La forêt n'est pas qu'un paysage
Après l'incendie, le Chambon a perdu ses couleurs, tout n'était que terres brûlées. C'est dans ce contexte tendu que Francis Mathieu, jeune ingénieur forestier, vient coordonner une réunion.
"J'ai débarqué dans la mairie du Chambon où une petite salle était pleine comme un œuf, avec des propriétaires forestiers très désemparés, très demandeurs de solutions pour transformer le paysage qui en quelques heures étaient devenu totalement noir", relate Francis Mathieu, ingénieur forestier retraité - président du syndicat des propriétaires forestiers privés du Gard.
De ce traumatisme naît une conscience : la forêt n'est pas qu'un paysage. Il faut l'entretenir pour se protéger de l'incendie. Et travailler ensemble pour financer cet entretien. Une association de propriétaires forestiers est créée. Le bois brûlé est vendu, le reboisement commence.
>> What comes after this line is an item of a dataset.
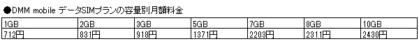 さて比較表に話を戻そう。プリペイドSIMカードを除くと、初期費用は税込3240円と横並び。つまり注目すべきなのは、月額料金と、1か月で使用可能な「通信量」ということになる。ドコモ系で安いのはDMMの「DMM mobile データSIMプラン 1GB」。月額料金712円を実現している。

"On a introduit principalement le cèdre qui est une essence bien adaptée au terrain et au climat. On a mis aussi pas mal de feuillus, parce qu'il fallait mettre de la diversité, mais on était un peu des pionniers", poursuit Daniel Dematéïs. "Aujourd'hui, on est plus dans un équilibre, en prenant en compte les enjeux écologiques et environnementaux."
Gestion durable
Au fil des ans, une gestion durable de la forêt s'est mise en place : débroussaillage, coupes ciblées, création de chemins. Les arbres sont des biens précieux aux besoins précis.
La dynamique, née du choc de l'incendie n'a pas faibli. Les nouveaux propriétaires suivent les pas des plus anciens.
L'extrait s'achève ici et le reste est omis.